To check the location of output file created:
ls -l data/univarOut.mtx
3. Run a Script on Spark
SystemDS can be executed on Spark using the main executable JAR. The location of this JAR differs depending on whether you installed SystemDS from:
- a Release archive, or
- a Source-build installation (built with Maven)
3.1 Running with a Release Installation
If you installed SystemDS from a release archive, locate the runnable JAR in the release root directory. It is typically named like systemds-<version>.jar.
Example:
ls -1 "$SYSTEMDS_ROOT"/*.jar
Run:
spark-submit "$SYSTEMDS_ROOT/systemds-<version>.jar" -f hello.dml
3.2 Running with a Source-build Installation
If you cloned the SystemDS repository and built it yourself, you must first run Maven to generate the executable JAR.
mvn -P distribution package
This creates several JAR files in target/:
Example output:
target/systemds-3.3.0-shaded.jar
target/systemds-3.3.0.jar
target/systemds-3.3.0-unshaded.jar
target/systemds-3.3.0-extra.jar
target/SystemDS.jar <-- main runnable JAR
target/systemds-3.3.0-ropt.jar
target/systemds-3.3.0-javadoc.jar
Run:
spark-submit target/SystemDS.jar -f hello.dml
4. Run a Script in Federated Mode
Federated mode allows SystemDS to execute operations on data located on remote or distributed workers. Federated execution requires:
- One or more federated workers
- A driver program (DML or Python) that sends operations to those workers.
Note: The SystemDS documentation provides federated execution examples primarily via the Python API. This Quickstart demonstrates only how to start a federated worker, and refers users to the official Federated Environment guide for complete end-to-end examples.

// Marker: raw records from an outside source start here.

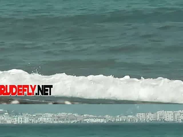 Nudist video at the beach has shy girl playing in the water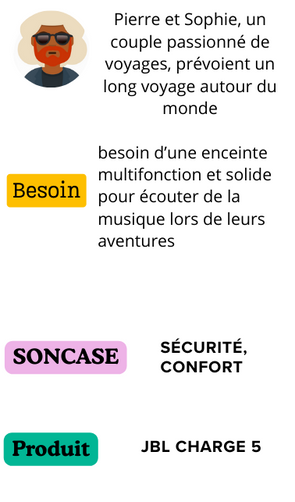- Confort : La JBL Charge 5, avec sa fonction powerbank, permet à Pierre et Sophie de charger leurs appareils en déplacement. Cela leur offre un confort supplémentaire lors de leurs voyages.
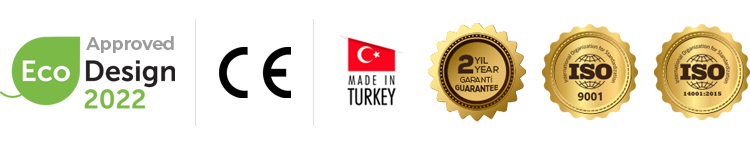 - CE ve EcoDesign 2022 Sertifikaları: Avrupa kalite standartlarına uygun üretim.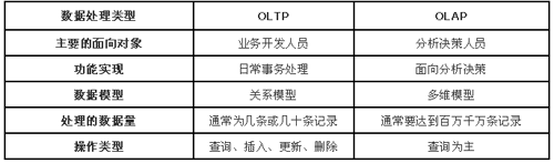 OLTP与OLAP的主要区别
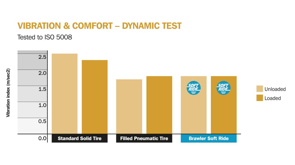 La combinación del compuesto Soft Ride con las aperturas elípticas características de Brawler, ofrecen una mayor absorción de impactos y reducción de las vibraciones, produciendo un menor desgaste del equipo e incrementando el confort del operario.
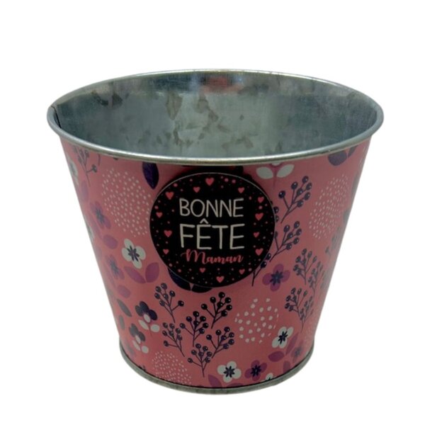 Magnifique contenant en zinc. Décoration extérieur rose, avec petites fleurs, et magnet "Bonne fête maman" apposé sur le devant..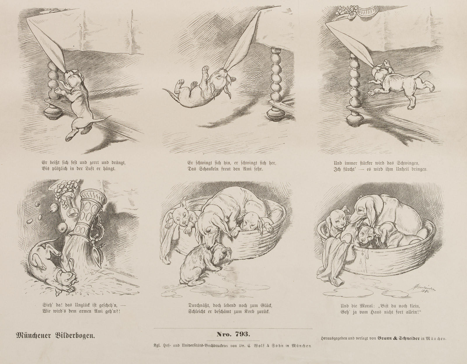 - Schlagworte: Hunde, Hund, Tiere, Abenteuer, Satire, Humor, Karikatur, Tiere, Genre, Deutschland, Historismus, 1800-1849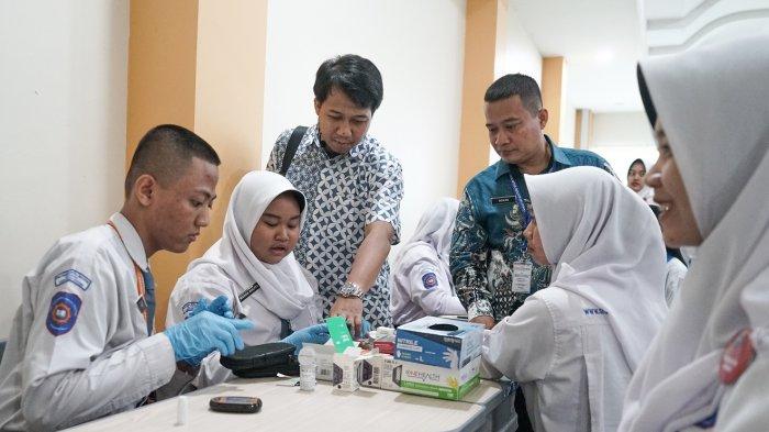 Selain mendapatkan ilmu secara teori, para peserta juga diajak pelatihan praktik langsung dengan menggunakan alat screening kesehatan.
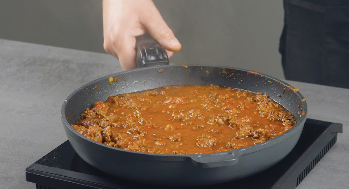3. Brate das Lammhack mit Olivenöl in einer Pfanne an. Gib kleingehackte Zwiebeln und Knoblauch hinzu und brate beides kurz mit an. Füge dann Paprikapulver, Zimt, Minze, Salz, Pfeffer und Tomatenmark hinzu. Lösche alles mit Rotwein ab und lasse den Wein kurz einreduzieren. Zum Schluss kommen noch die gehackten Tomaten mit in die Pfanne. Lasse alles ca. 15 Minuten köcheln.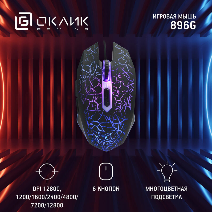 Мышь Оклик 896G черный оптическая (12800dpi) USB для ноутбука (5but)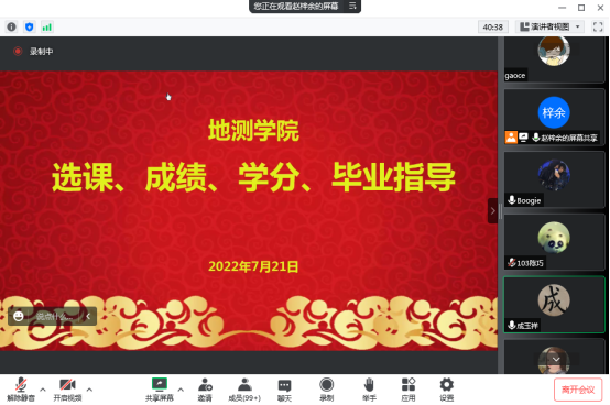 为进一步保障学生顺利毕业,WilliamHill2022年7月21日20:00以腾讯会议的方式召开成绩、选课与毕业指导专题会议。学院教学副院长邵广周,各系副主任成玉祥、纪新林、杨耘、李凯玲老师,教学秘书赵梓余、教务员高策老师及各年级300名学生在线参会。会议由教学秘书赵梓余主持。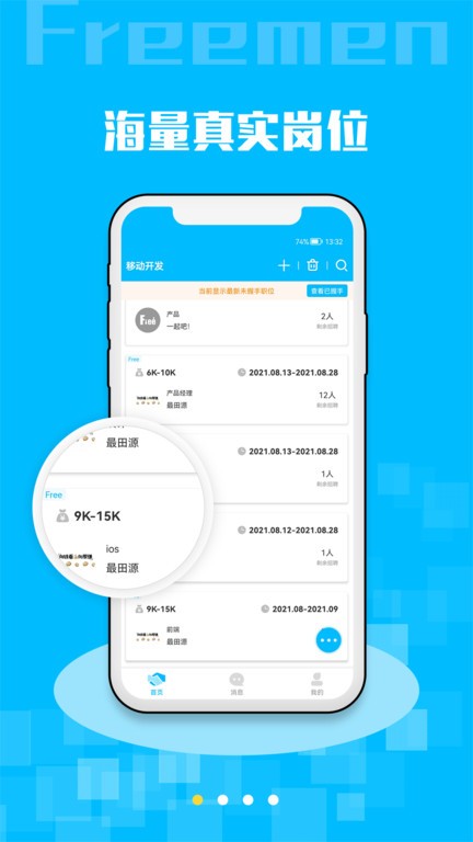 freemen招聘软件非常适合程序员找工作,这里有非常丰富的程序员招聘岗位,这里也汇集了一群技术人员,求职者可以轻松找到满意的工作,企业能够找到适合的企业人才,能够和项目负责人直接沟通。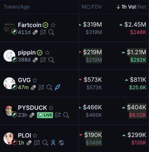 Topp Pumpfun-mynter for den siste 1 timen basert på volum: $Fartcoin $Pippin $Gvg $Pysduck $Plol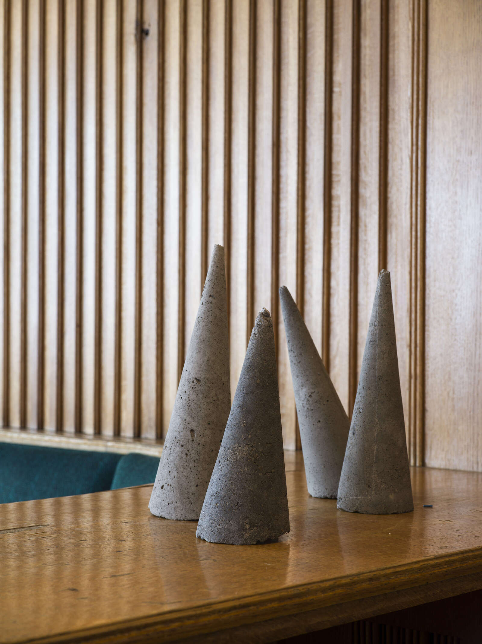 Ortisei is surrounded by forests, so it feels natural for wood to form both material and motif in several works commissioned for the biennial. Julius von Bismarck’s monumental Beetle On A Horse (2024) is placed in the town center; if you stand in the right position, you can glimpse the forest behind it where the stone pine wood out of which it’s carved, and the bark beetle it depicts, are derived. In an alternate reality that memorializes bugs in the place of humans and more charismatic larger animals, the bark beetle is depicted as a conqueror. In some ways it is: the work is also a comment on the devastation of entire woodland areas by the beetle, which (aided by humans planting trees too closely together, in a less positive form of interspecies collaboration) has infested the forest. In one of the more visually impactful works, Ingela Ihrman’s First Came the Ocean (2024) borrows from archaeology and uses wood to recreate the fossils of a ginormous creature, recalling the formation of the Dolomite mountain ranges through the accumulation of fossilized coral reefs over 250 million years. Other works concealed the material, like Nadia Kaabi Linke’s Mushroom (2024), where a tree peaks out in patchy gaps from beneath the concrete in which it is submerged, Laurent Le Deunff’s Chouette des neiges, Crocodile, Escargot (2024), where it could pass for stone, or Alessandro Biggio’s burnt-down trees molded with water to form Ash Cones (2010–ongoing).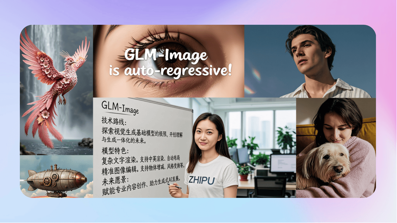 - 《国产开源GLM-Image实测:文字渲染登顶SOTA,画面质感仍是最大瓶颈丨302.AI 基准实验室》想知道国产开源图像模型GLM-Image的真实实力?这篇实测带来关键参考!作为首个在国产芯片完成全流程训练的模型,它凭借“文字渲染开源第一”的优势,在人物拟真、信息卡片、产品海报等商用文生图场景中表现亮眼,精准图文排版需求能被很好满足。不过实测在画面质感、艺术创作上仍落后顶尖模型。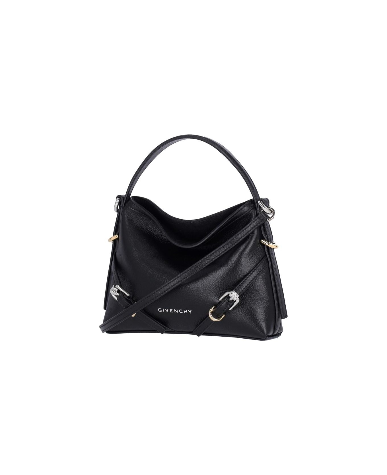 Givenchy Voyou nano bag in black hammered leather with top handle, thin removable shoulder strap, adjustable straps on the front, silver embossed logo on the front, and a single inner compartment.

4.1 Start a Federated Worker
Run in a separate terminal:
systemds WORKER 8001
This starts a worker on port 8001.
4.2 Next Steps and Full Examples
For complete, runnable examples of federated execution (including data files, metadata, and Python code), see the official Federated Environment guide
Using Intel MKL Native Instructions
To use the MKL acceleration download and install the latest supported MKL library (<=2019.5) from 1,
set the environment variables with the MKL-provided script . /opt/intel/bin/compilervars.sh intel64 (note the dot and
the default install location) and set the option sysds.native.blas in SystemDS-config.xml to mkl.